Reproduce the data below word for word, setting aside any picture it holds.

[Collected data]
═══

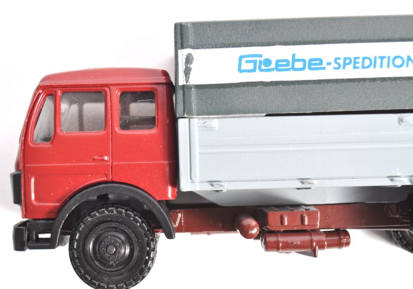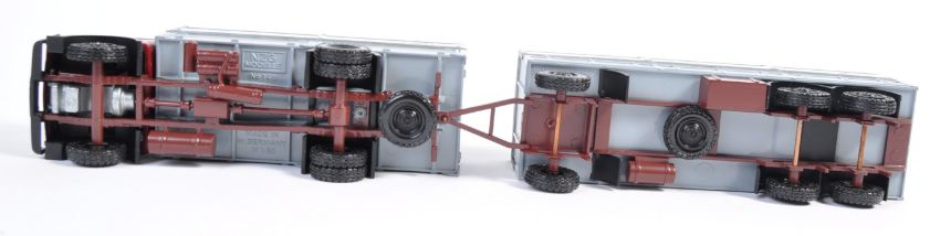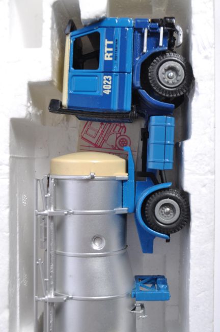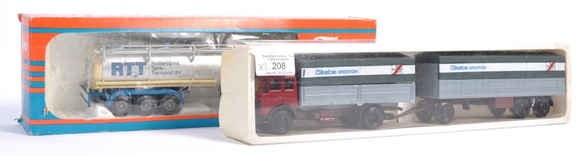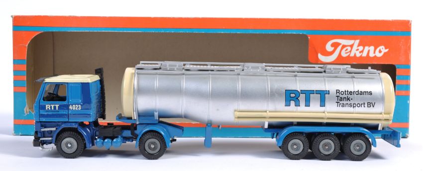 Two original vintage diecast haulage and transportation related vehicle models. Comprises of 1x Tekno Scania RTT Tank Transporter 1/50 precision scale and 1x Glebe NZG Mercedes cab and two sheeted trailer loads 1/50 scale. Both within original boxes.
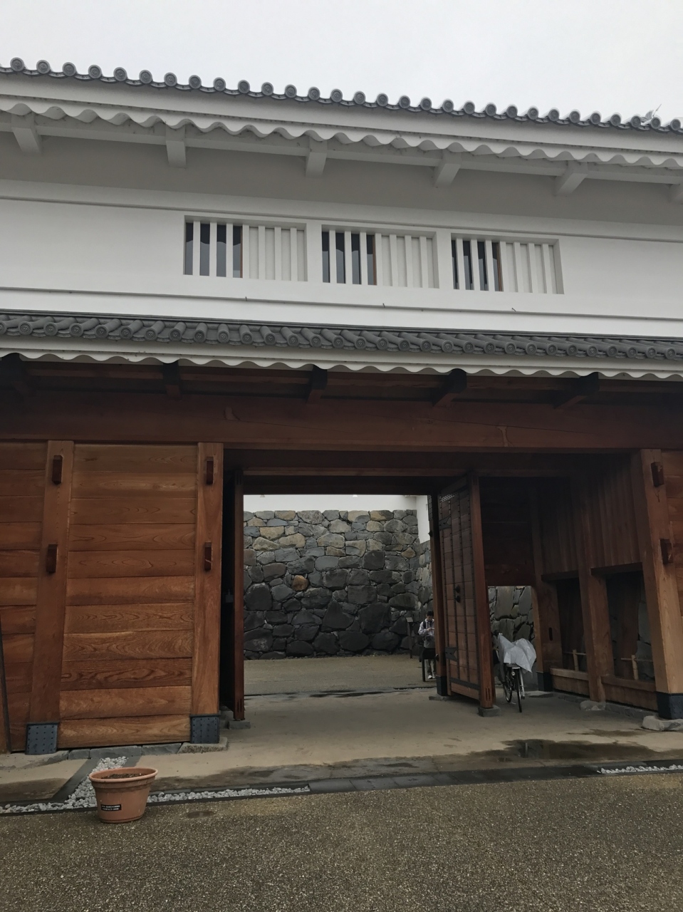 甲府城の山手門は、楽只堂年ろく絵図には、石垣を渡しかけているように描かれており、一層目の門の上にやぐらがのるやぐら門形式の門としております。一層目は石垣の門に門扉、けやき材の鏡柱、添え柱が配置して75センチもの大きな大領等を支えています。
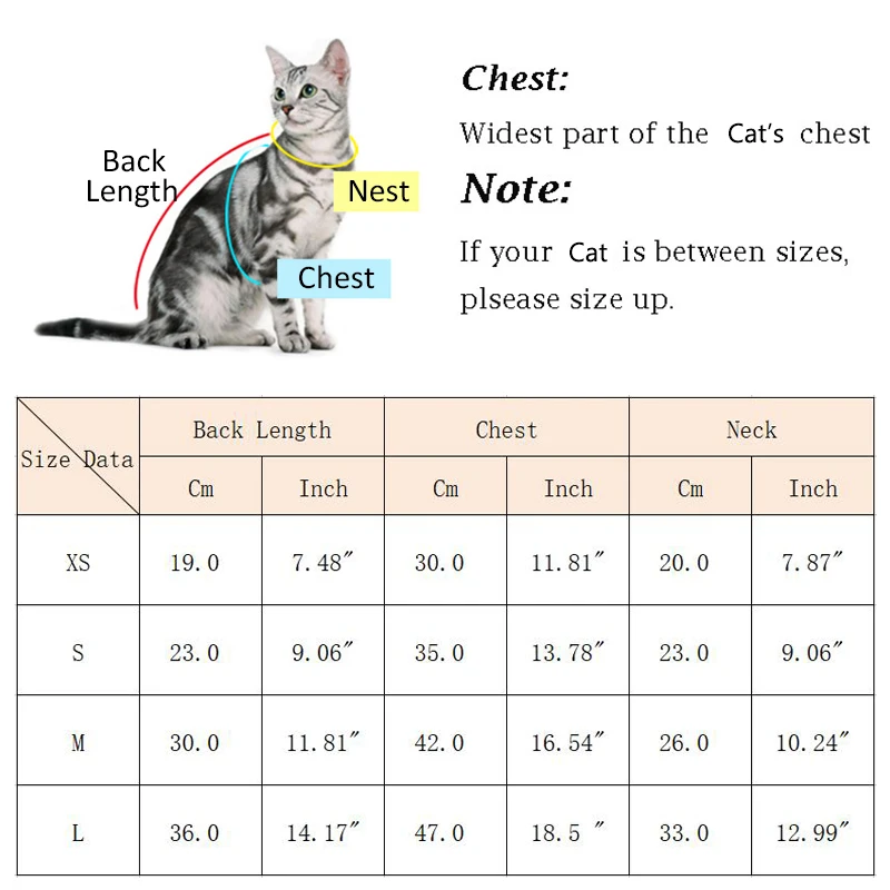 1. Por favor, compruebe las medidas de su mascota para asegurarse de que la ropa se ajuste a las mascotas antes de realizar el pedido (1 pulgada=2,54 cm)
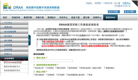 登录后进入“我的DRAA”下“满意度调查”,点击“填写DRAA满意度调查”。
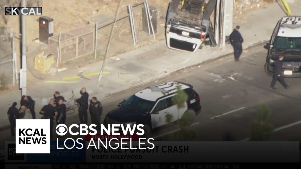 Brief police pursuit ends with rollover crash in North Hollywood
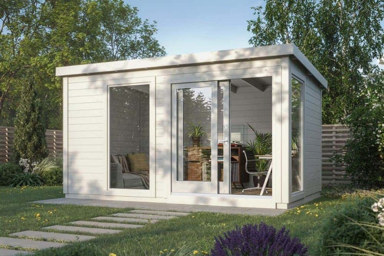 Helles und gemütliches Gartenhaus mit großen Fenstern, die einen guten Blick nach draußen ermöglichen! Entscheiden auch Sie sich für ein modernes Gartenhäuschen von Alpholz und genießen Sie Ihren neuen heimeligen Rückzugsort. Den Bausatz bauen Sie selbst in nur wenigen Tagen zusammen!

═══

_FINAL ANSWER_:
 Two original vintage diecast haulage and transportation related vehicle models. Comprises of 1x Tekno Scania RTT Tank Transporter 1/50 precision scale and 1x Glebe NZG Mercedes cab and two sheeted trailer loads 1/50 scale. Both within original boxes.
 甲府城の山手門は、楽只堂年ろく絵図には、石垣を渡しかけているように描かれており、一層目の門の上にやぐらがのるやぐら門形式の門としております。一層目は石垣の門に門扉、けやき材の鏡柱、添え柱が配置して75センチもの大きな大領等を支えています。
 1. Por favor, compruebe las medidas de su mascota para asegurarse de que la ropa se ajuste a las mascotas antes de realizar el pedido (1 pulgada=2,54 cm)
 登录后进入“我的DRAA”下“满意度调查”,点击“填写DRAA满意度调查”。
 Brief police pursuit ends with rollover crash in North Hollywood
 Helles und gemütliches Gartenhaus mit großen Fenstern, die einen guten Blick nach draußen ermöglichen! Entscheiden auch Sie sich für ein modernes Gartenhäuschen von Alpholz und genießen Sie Ihren neuen heimeligen Rückzugsort. Den Bausatz bauen Sie selbst in nur wenigen Tagen zusammen!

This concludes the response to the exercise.